OBJECTIVE: We performed a phase I clinical study to evaluate combination chemotherapy with irinotecan hydrochloride (CPT-11) and nedaplatin (CPT-11/nedaplatin) for cervical cancer. METHODS: This study included patients with primary or recurrent cervical cancer. The regimen for CPT-11/nedaplatin therapy consisted of CPT-11 administered 3 times over 2 weeks (days 1, 8 and 15) and nedaplatin infused intravenously as a single dose (day 1). This course was repeated at 4-week intervals. The step 1 doses of the two agents were 50 mg/m(2), respectively.
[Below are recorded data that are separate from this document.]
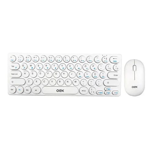 Kit Teclado E Mouse Sem Fio Retrô Oex Tm-409 Abnt2 Português Branco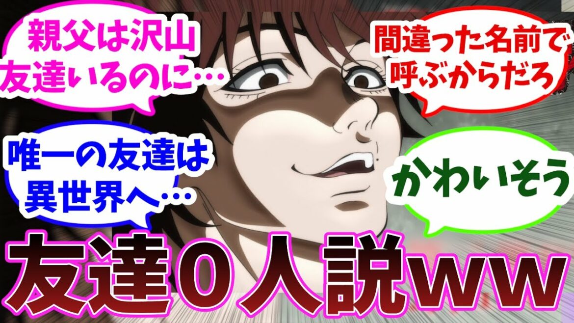 一応、顔の広さで言ったら世界ヘヴィー級チャンピオンのアイアン・マイケルとか神心会館長の愚地克巳、大統領の純・ゲバルとかあるのにガチ友達って言えるのピクルと花山ぐらいしかいないの草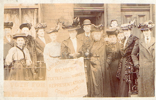 "photograph & postcard & Lancashire And Cheshire Women's Textile And Other Workers Representation Committee & 1908" [NMLH.1995.26]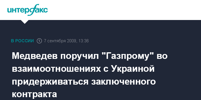 Москва. 7 сентября. INTERFAX.RU - Президент РФ Дмитрий Медведев поручил главе "Газпрома" Алексею Миллеру во взаимоотношениях с Украиной придерживаться заключенного контракта, не соглашаться на изменения условий по оплате транзита российского газа через Украину. О том, что такие предложения звучат из Киева, Миллер проинформировал Медведева о время рабочей встречи. Глава государства уточнил, предусмотрен ли предлагаемый порядок расчетов договором, и получил отрицательный ответ главы "Газпрома". "Тогда и не платите!" - посоветовал президент. "Нужно действовать в соответствие с договором, который заключен. Мы специально его готовили, он в муках и трудах достался, мы по нему и работаем", - подчеркнул Медведев.

Dose escalation was performed in tandem. Plasma CPT-11, SN-38, total platinum, and filterable platinum levels were measured. RESULTS: In step 3 (CPT-11, 60 mg/m(2); nedaplatin, 60 mg/m(2)), dose-limiting toxicity was observed in 2 of 3 patients. The step 3 doses were regarded as the maximum tolerated doses. The incidences of grade 3/4 adverse events in the first courses (n = 12) [and all courses (n = 45)] were: leukopenia 33% (22%), neutropenia 42% (31%), anemia 17% (20%), nausea 8% (7%), and diarrhea 8% (7%). Following CPT-11 administration, the mean areas under the curve (AUC; ng.h/ml) of SN-38 were 0.11 at 50 mg/m(2) and 0.17 at 60 mg/m(2). Following nedaplatin administration, the mean AUCs (microg x h/ml) of filterable platinum were 6.0 at 50 mg/m(2), and 6.0 at 60 mg/m(2). The response rate was 50% (2 complete responses and 2 partial responses). CONCLUSION: The recommended doses of CPT-11 and nedaplatin for a phase II clinical study were established as 50 and 60 mg/m(2), respectively.